Leave the pictures out and print, word for word, the lines below from the one with "Alban with Quilldren: 🥰" through the final line.

• Supplied material
== == ==

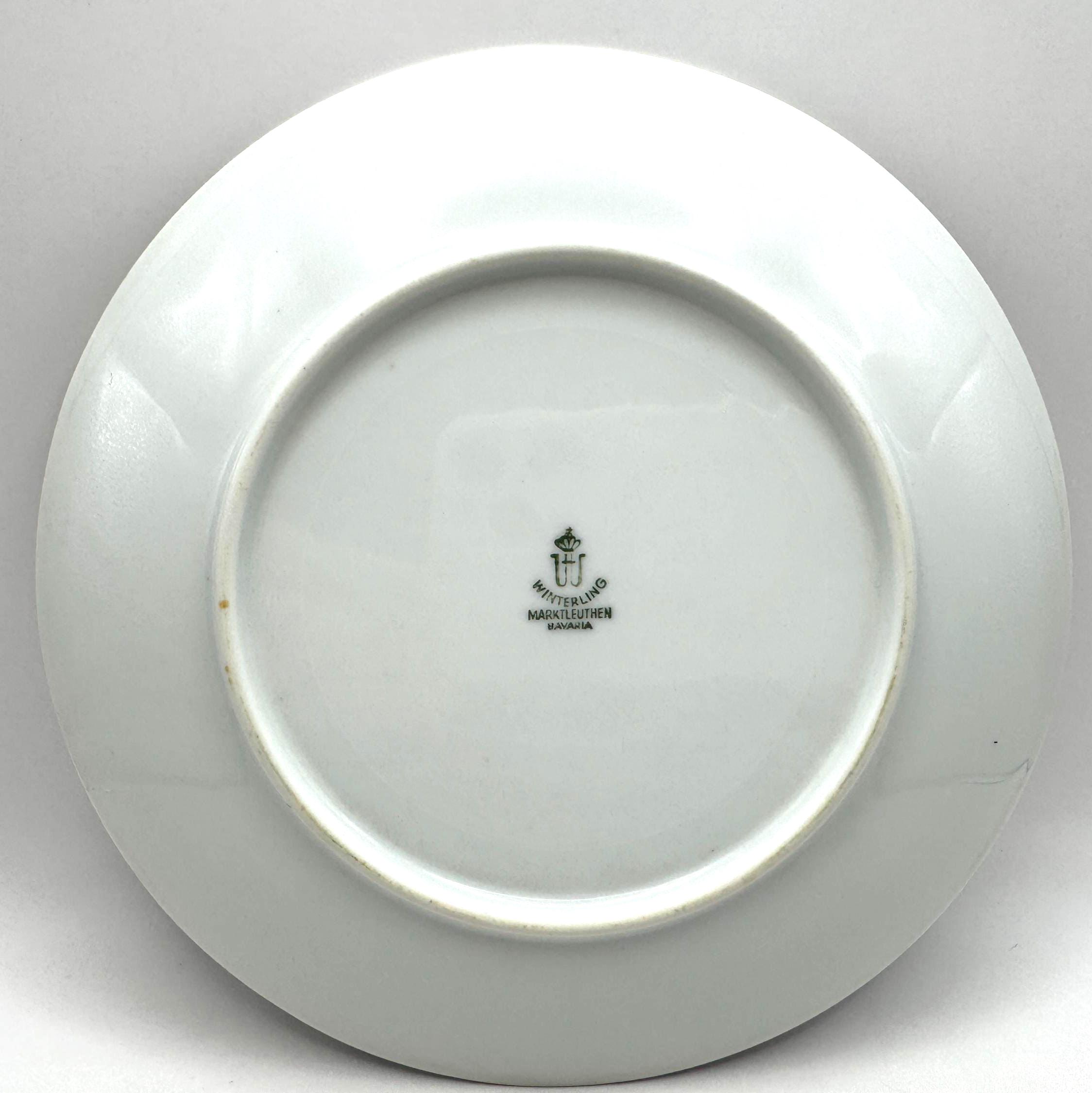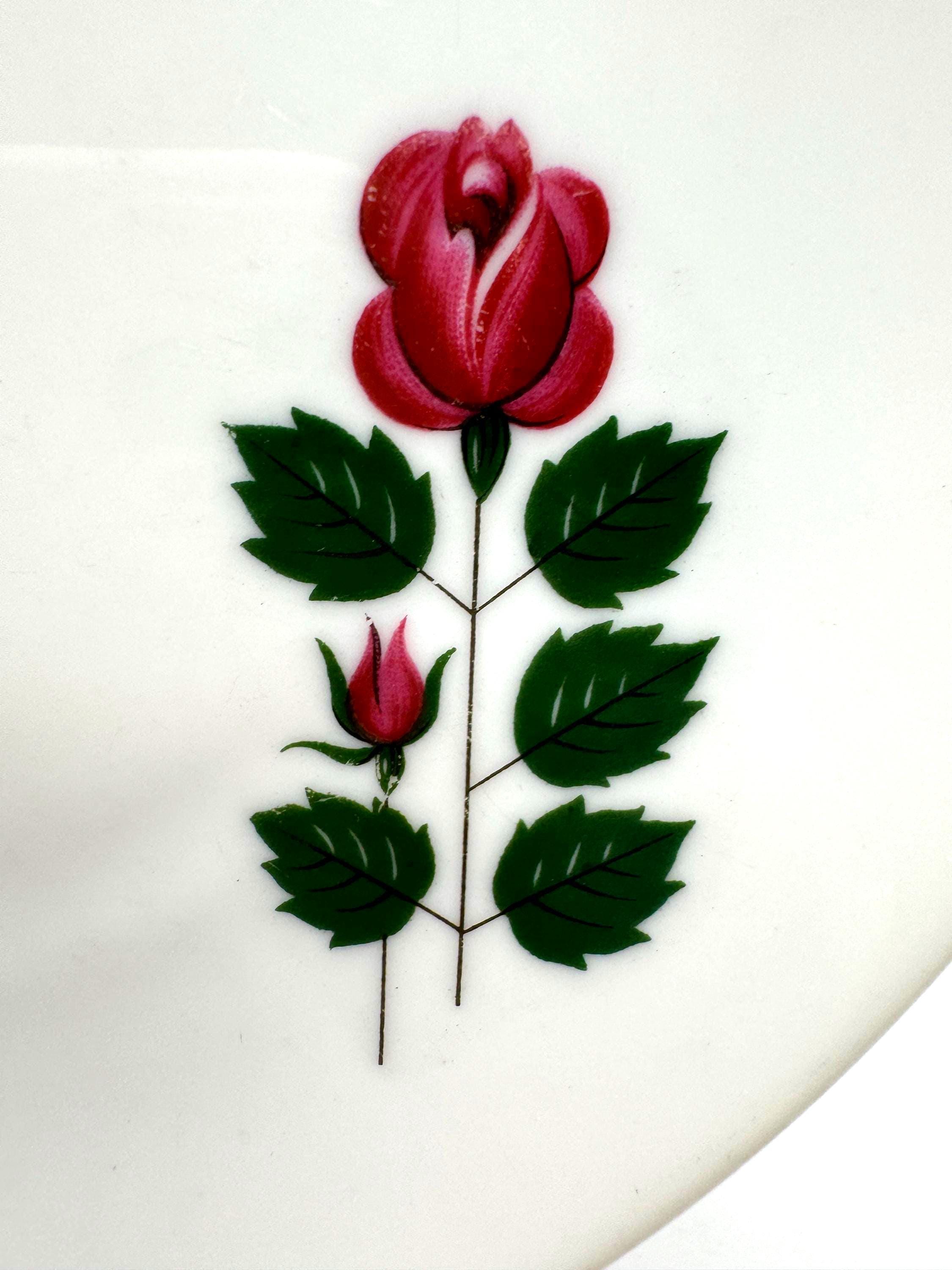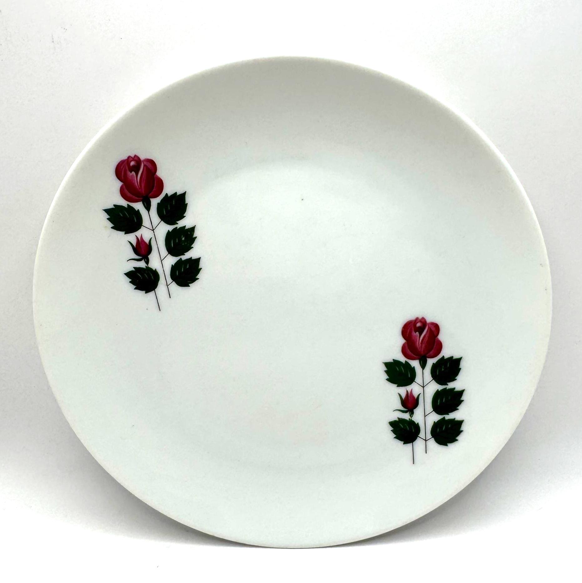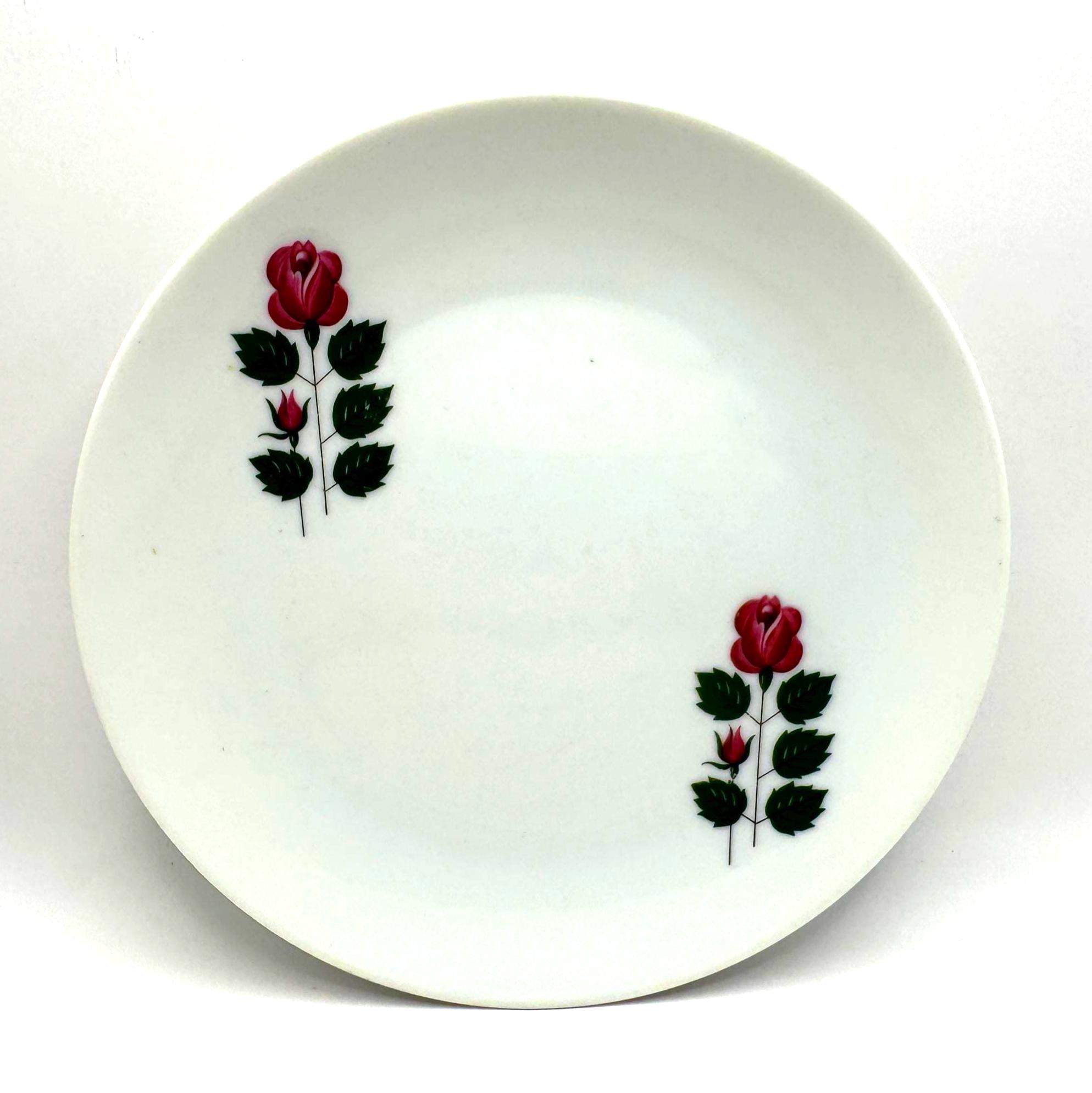 Lovely Winterling Markleuthen Bavaria porcelain salad/dessert plate featuring a dark pink rosebud design with deep green leaves on crisp white porcelain.
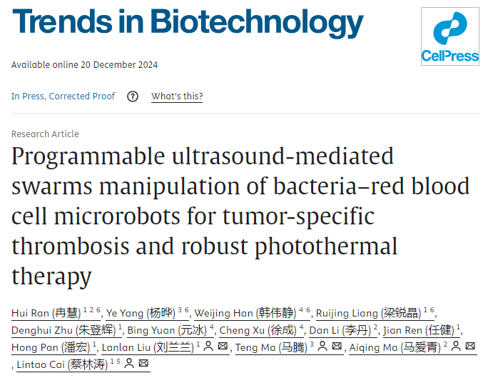 北京時間12月21日,中國科學院深圳先進技術研究院醫藥所蔡林濤團隊和醫工所馬騰團隊聯合在國際學術期刊《Trends in Biotechnology》上發表了題為“Programmable Ultrasound-Mediated Swarms Manipulation of Bacteria-Red Blood Cell Microrobots for Tumor-Specific Thrombosis and Robust Photothermal Therapy”的文章。該工作成功開發了一種具有自主缺氧感知和超聲響應功能的細菌-細胞生物機器人,通過缺氧靶向聯合超聲操控,實現腫瘤深層滲透和生成腫瘤特異性血栓,最終實現高效精準治療。
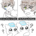 Alban with Quilldren: 🥰 Alban with Takaradachi: 😠 Inspired by Ike saying he trusts Alban with his Quilldren We just want to get paid bro 😭 #AlbanKnoxArt #DeezKnox #YikesMemeland (Thanks for the idea @/honeybleuart LOL)
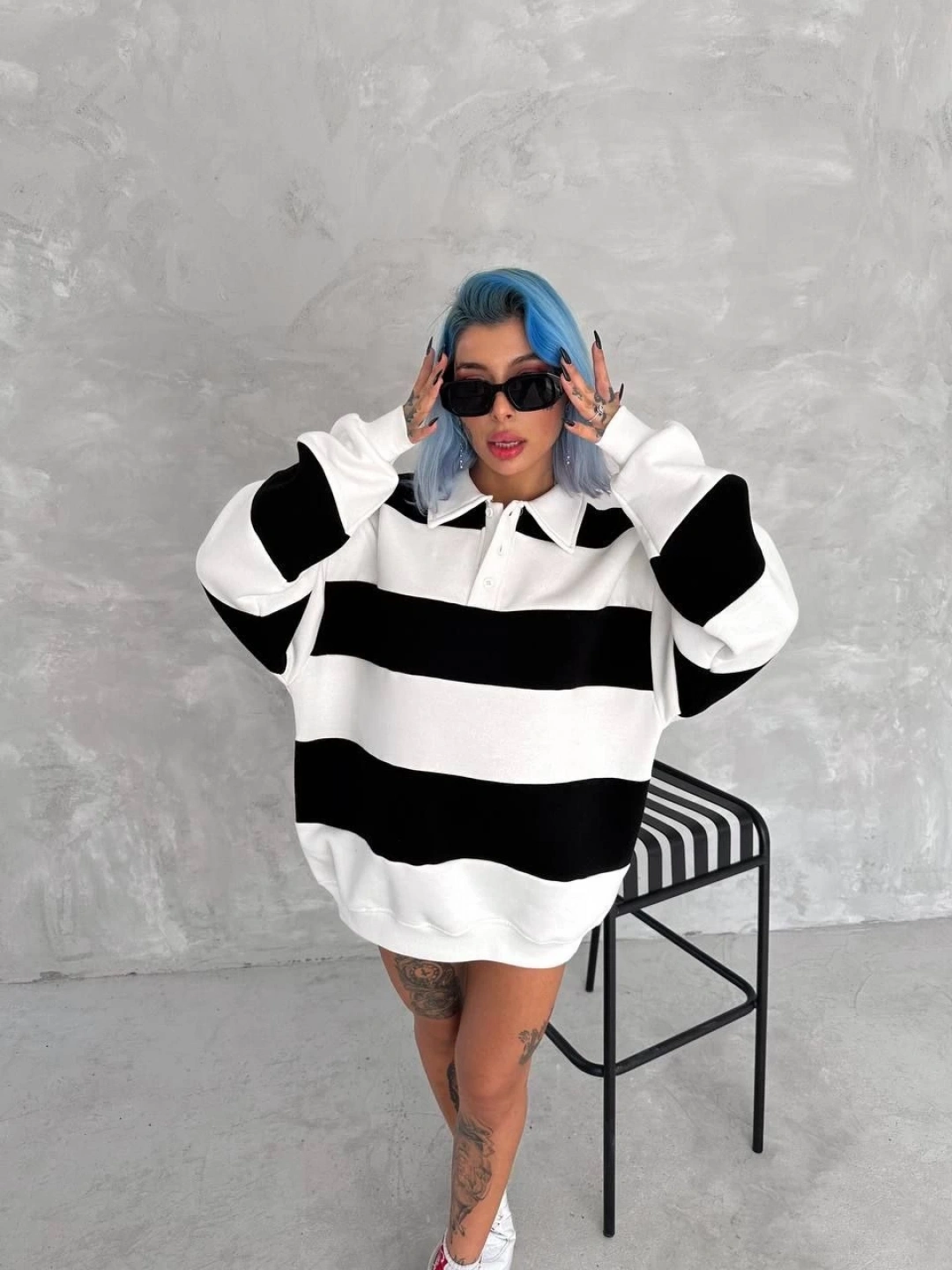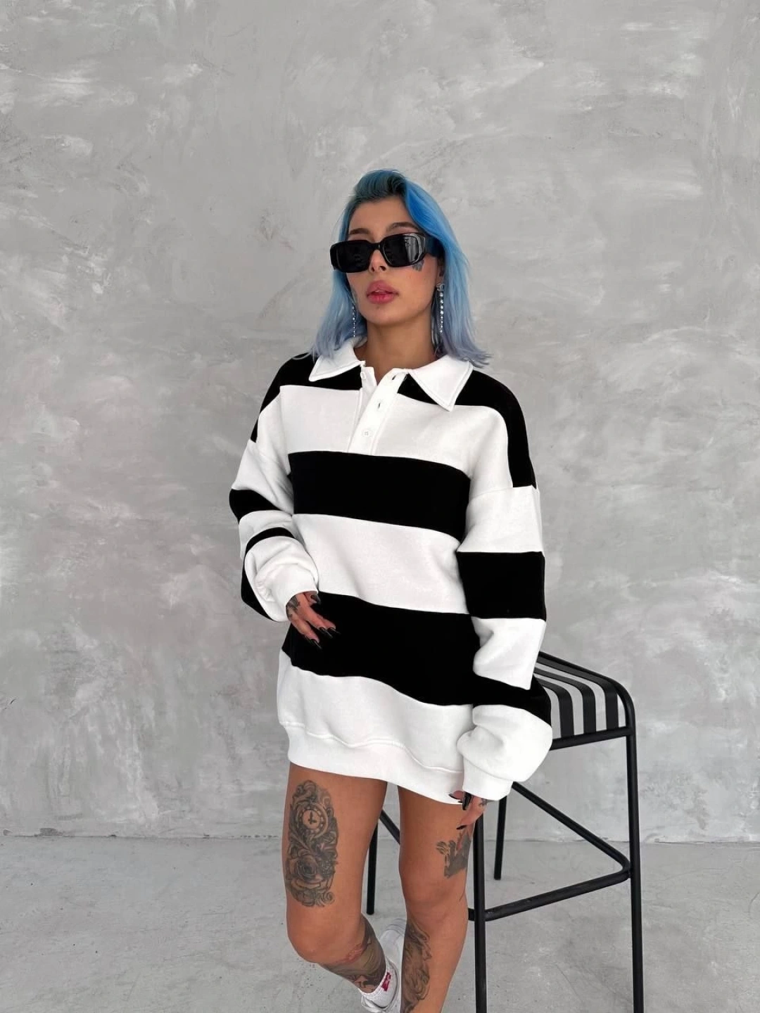 Kadın Üç İplik Dık Yaka Yarım Fermuarlı SweatShirt - Beyaz

== == ==

• Exercise answer
 Alban with Quilldren: 🥰 Alban with Takaradachi: 😠 Inspired by Ike saying he trusts Alban with his Quilldren We just want to get paid bro 😭 #AlbanKnoxArt #DeezKnox #YikesMemeland (Thanks for the idea @/honeybleuart LOL)
 Kadın Üç İplik Dık Yaka Yarım Fermuarlı SweatShirt - Beyaz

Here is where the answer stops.